Br J Cancer. 2007 Aug 6;97(3):368-77. doi: 10.1038/sj.bjc.6603884. Epub 2007 Jul 31.
The c-MET receptor can be overexpressed, amplified, or mutated in solid tumours including small cell lung cancer (SCLC). In c-MET-overexpressing SCLC cell line NCI-H69, hepatocyte growth factor (HGF) dramatically induced c-MET phosphorylation at phosphoepitopes pY1230/1234/1235 (catalytic tyrosine kinase), pY1003 (juxtamembrane), and also of paxillin at pY31 (CRKL-binding site). We utilised a global proteomics phosphoantibody array approach to identify further c-MET/HGF signal transduction intermediates in SCLC. Strong HGF induction of specific phosphorylation sites in phosphoproteins involved in c-MET/HGF signal transduction was detected, namely adducin-alpha [S724], adducin-gamma [S662], CREB [S133], ERK1 [T185/Y187], ERK1/2 [T202/Y204], ERK2 [T185/Y187], MAPKK (MEK) 1/2 [S221/S225], MAPKK (MEK) 3/6 [S189/S207], RB [S612], RB1 [S780], JNK [T183/Y185], STAT3 [S727], focal adhesion kinase (FAK) [Y576/S722/S910], p38alpha-MAPK [T180/Y182], and AKT1[S473] and [T308]. Conversely, inhibition of phosphorylation by HGF in protein kinase C (PKC), protein kinase R (PKR), and also CDK1 was identified. Phosphoantibody-based immunohistochemical analysis of SCLC tumour tissue and microarray established the role of c-MET in SCLC biology. This supports a role of c-MET activation in tumour invasive front in the tumour progression and invasion involving FAK and AKT downstream. The c-MET serves as an attractive therapeutic target in SCLC, as shown through small interfering RNA (siRNA) and selective prototype c-MET inhibitor SU11274, inhibiting the phosphorylation of c-MET itself and its downstream molecules such as AKT, S6 kinase, and ERK1/2. Investigation of mechanisms of invasion and, ultimately, metastasis in SCLC would be very useful with these signal transduction molecules.

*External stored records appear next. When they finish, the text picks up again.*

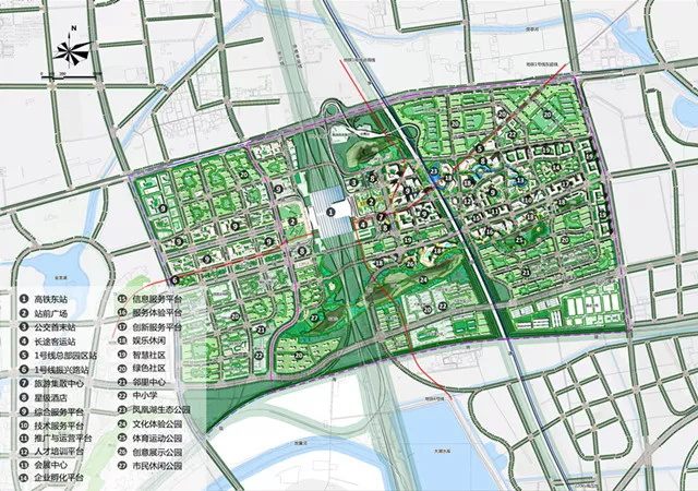 該項目位于徐州市中心城區(qū)東部,與老城中心及新城中心直線距離均為7公里,處于城東新區(qū)、徐州新區(qū)、壩山片區(qū)、金山橋片區(qū)的地理中心位置。規(guī)劃區(qū)內(nèi)有徐州東高鐵站,多條高鐵線包括京滬高鐵、徐鄭高鐵、徐宿淮鹽城際(在建)以及淮徐高速貫穿整個地塊。
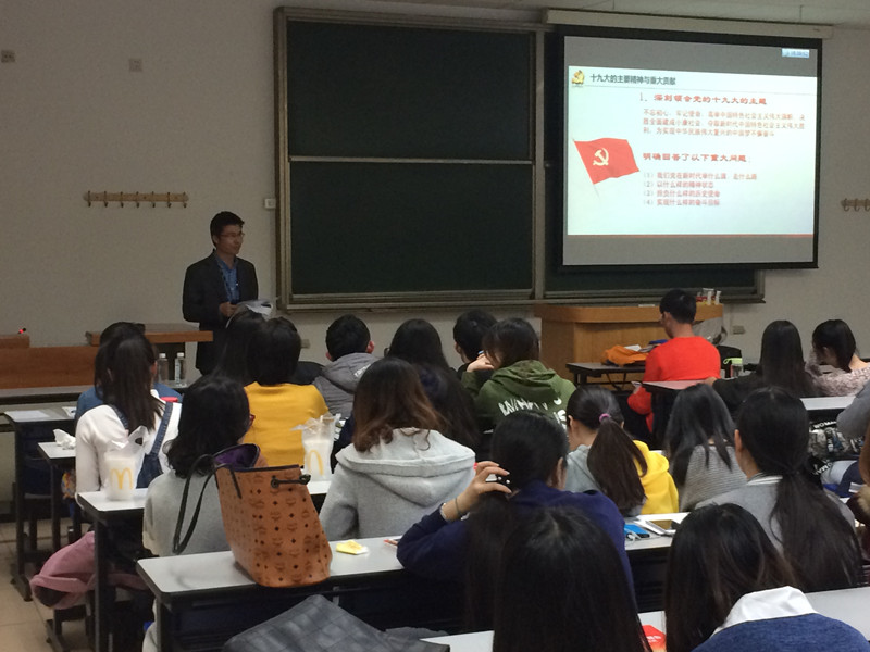 11月8日,台湾女优 党委书记毛新述分别给台湾女优 全体教职工、本科生党员和研究生党员讲党课,宣讲党的十九大精神。台湾女优 全体教职工、本科生党员和研究生党员共计500余人参加学习。
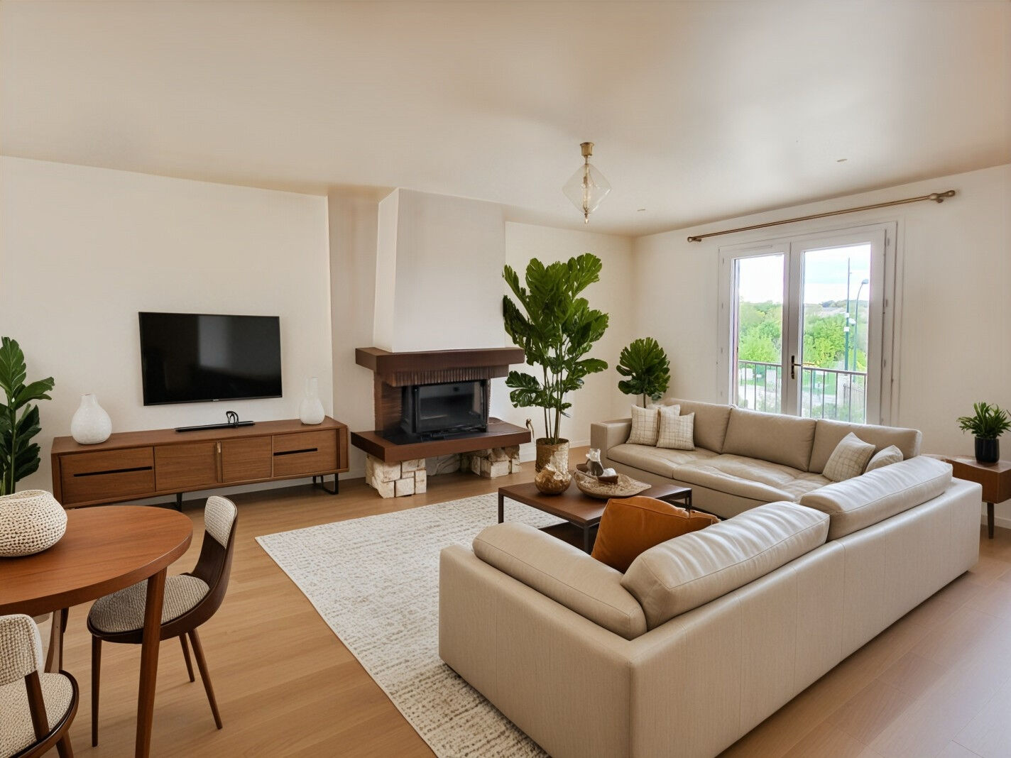 Cette propriété de 83m² se compose d'une entrée, d'un salon-séjour d'environ 28m² à double expositions avec sa cheminée à insert pour des soirée cocooning et d'une cuisine indépendante meublée de 9m² pouvant être ouverte sur le séjour.
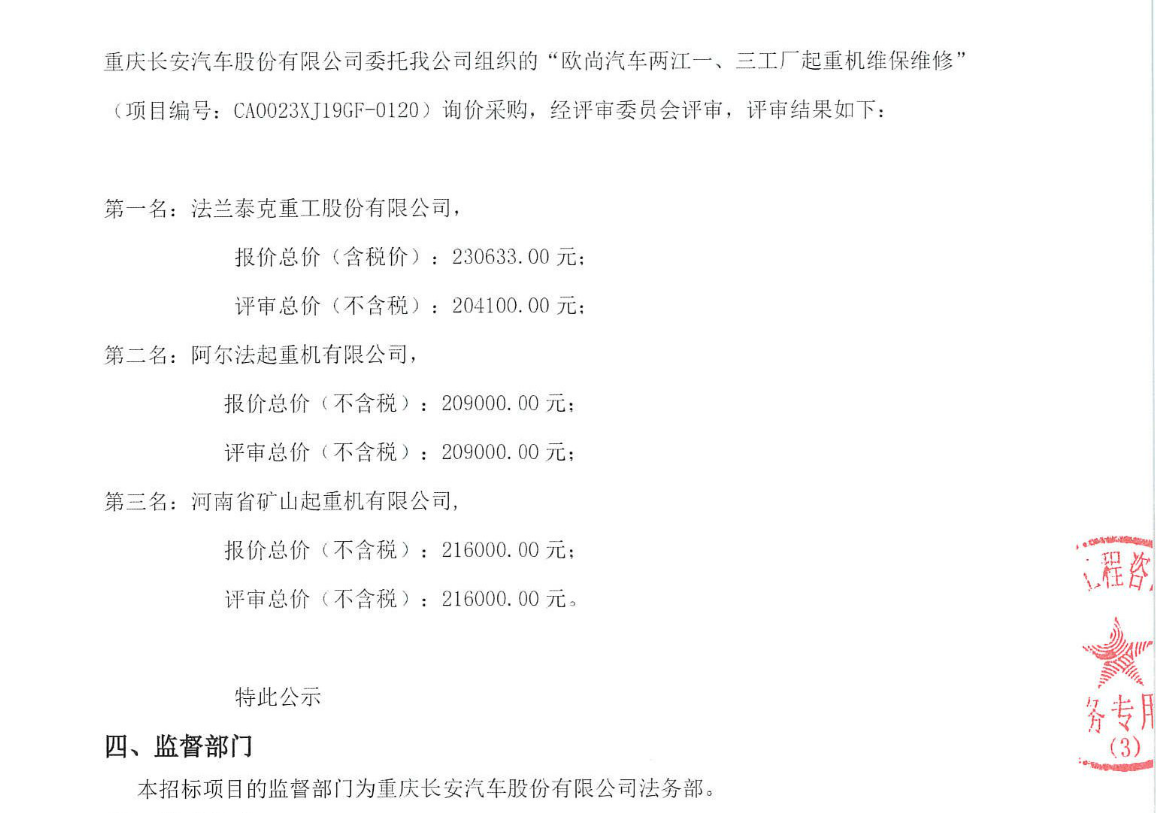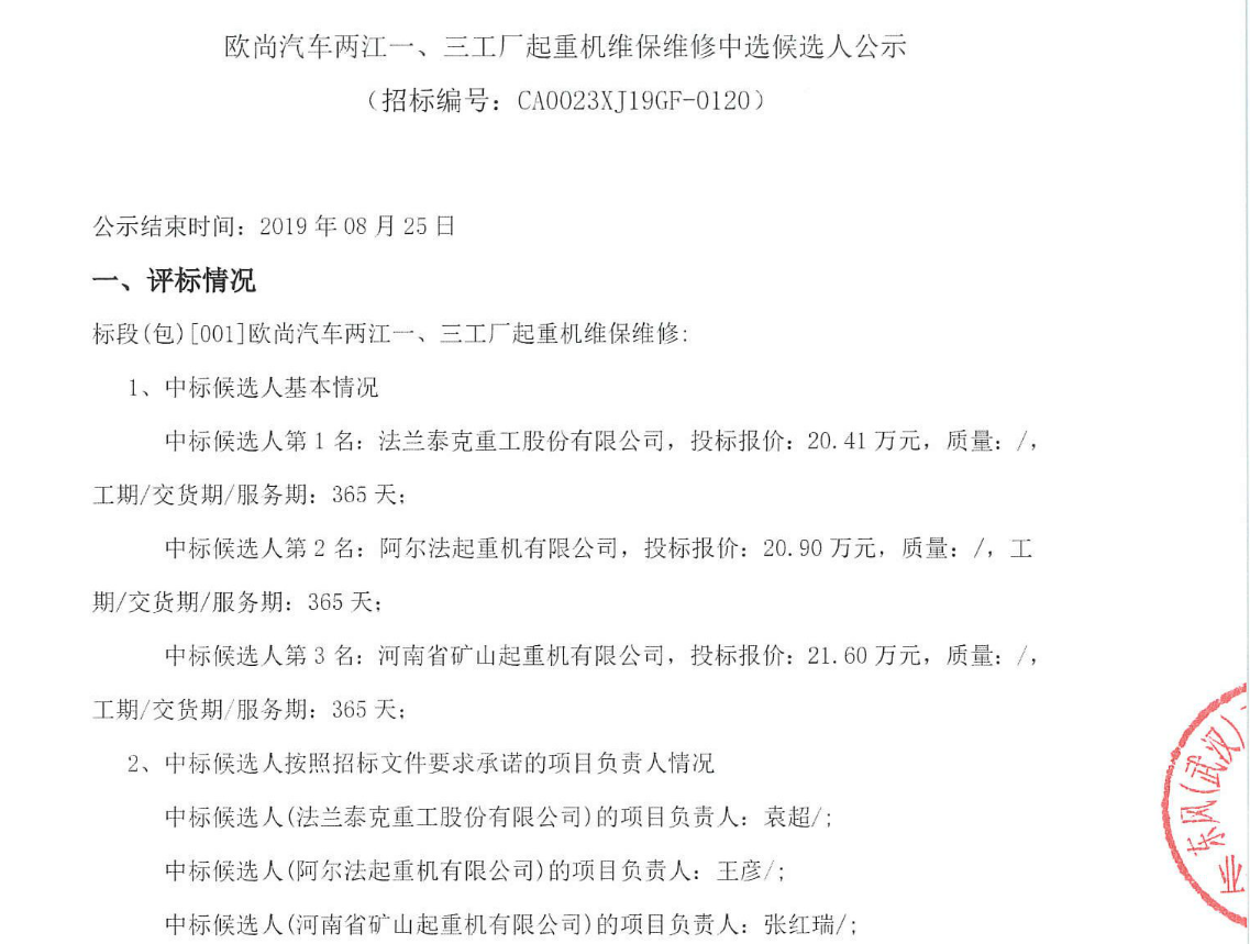 移動版:歐尚汽車兩江一、三工廠起重機(jī)維保維修中選候選人公示
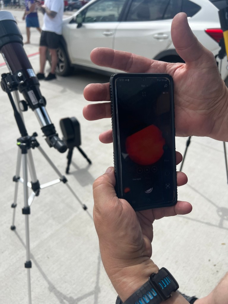 I had a sense of elation as I finally got to see the slow progression of moon passing across sun. It gets darker; we are in a strange twilight. The birds get quiet and crickets start chirping .
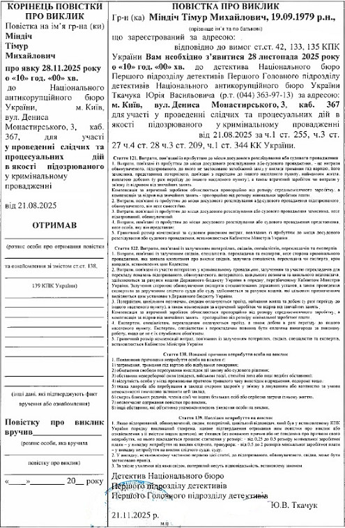 Згідно з вимогами ст.ст. 133, 135 та 137 КПК України Ви, Міндіч Тімур Михайлович, викликаєтесь 28.11.2025 року о 10.00 год. до детектива Національного бюро Першого підрозділу детективів Першого Головного підрозділу детективів Національного антикорупційного бюро України Ткачука Юрія Васильовича за адресою: м. Київ, вул. Дениса Монастирського, 3, для проведення відносно Вас та за Вашою участю у статусі підозрюваного процесуальних дій у кримінальному проваджені № 52025000000000472 від 21.08.2025, а саме: вручення процесуальних документів та проведення інших процесуальних дій.
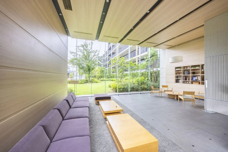 ラウンジの大きな窓からは「四季のコミュニティ広場」が季節の「景」を演出します。春にはソメイヨシノの美しい風景を望み、用意されたソファとテーブルで、ふっと憩える空間に仕立てられています。
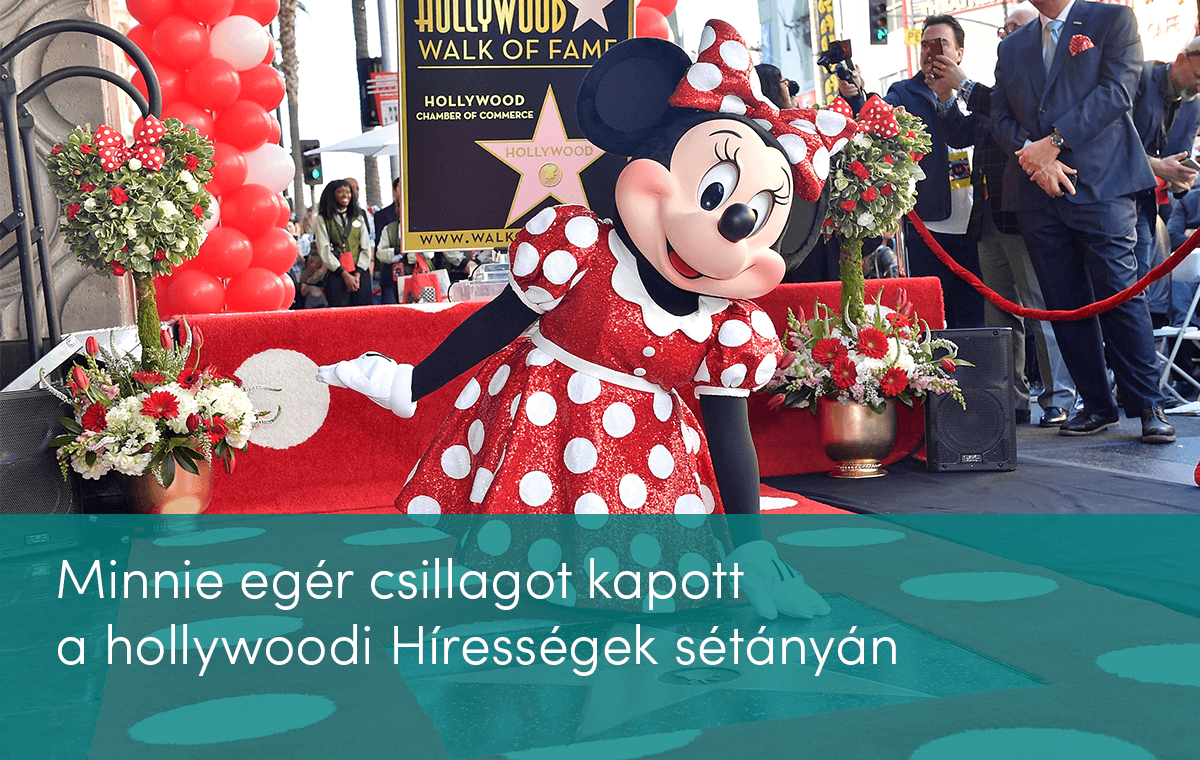 A népszerű rajzfilmfigura, Minnie egér csillagot kapott a hollywoodi Hírességek sétányán. Január 22-én a hollywoodi kereskedelmi kamara egy csillagot adományozott a Disney kabalafigurájának Minnie egérnek, a hollywoodi Hírességek sétányán. Ahogy az Hollywoodban lenni szokott, Minnie is megannyi emlékezetes alakítást nyújtott, mégis Mickey egér aratta le a babérokat- jegyezte meg a hétfői ceremónián Bob Iger, a Disney vezetője, hozzátéve, hogy a szórakoztatóiparban eltöltött 90 év után igazán itt volt az ideje, hogy az egérlány is megkapja az őt megillető elismerést. A Minnie egérnek szentelt csillag leleplezésén Mickey egér, valamint stílszerűen talpig pöttyökbe öltözött Katy Perry, világszerte elismert énekesnő és pop ikon, és Heidi Klum német modell is részt vett.

c-MET受体在包括小细胞肺癌(SCLC)在内的实体瘤中可能会过度表达、扩增或发生突变。在c-MET过表达的SCLC细胞系NCI-H69中,肝细胞生长因子(HGF)显著诱导c-MET在磷酸表位pY1230/1234/1235(催化性酪氨酸激酶)、pY1003(近膜区)以及桩蛋白在pY31(CRKL结合位点)处发生磷酸化。我们利用一种全局蛋白质组学磷酸抗体阵列方法来鉴定SCLC中更多的c-MET/HGF信号转导中间体。检测到HGF对参与c-MET/HGF信号转导的磷蛋白中特定磷酸化位点有强烈诱导作用,即内收蛋白-α [S724]、内收蛋白-γ [S662]、CREB [S133]、ERK1 [T185/Y187]、ERK1/2 [T202/Y204]、ERK2 [T185/Y187]、丝裂原活化蛋白激酶激酶(MEK)1/2 [S221/S225]、MEK 3/6 [S189/S207]、RB [S612]、RB1 [S780]、JNK [T183/Y185]、信号转导子和转录激活子3(STAT3)[S727]、粘着斑激酶(FAK)[Y576/S722/S910]、p38α-丝裂原活化蛋白激酶 [T180/Y182]以及AKT1 [S473]和[T308]。相反,还鉴定出HGF对蛋白激酶C(PKC)、蛋白激酶R(PKR)以及细胞周期蛋白依赖性激酶1(CDK1)的磷酸化有抑制作用。基于磷酸抗体的SCLC肿瘤组织免疫组织化学分析和微阵列确定了c-MET在SCLC生物学中的作用。这支持了c-MET激活在肿瘤进展和侵袭中肿瘤侵袭前沿的作用,涉及下游的FAK和AKT。如通过小干扰RNA(siRNA)和选择性原型c-MET抑制剂SU11274所示,c-MET在SCLC中是一个有吸引力的治疗靶点,其抑制c-MET自身及其下游分子如AKT、S6激酶和ERK1/2的磷酸化。利用这些信号转导分子来研究SCLC的侵袭机制以及最终的转移机制将非常有用。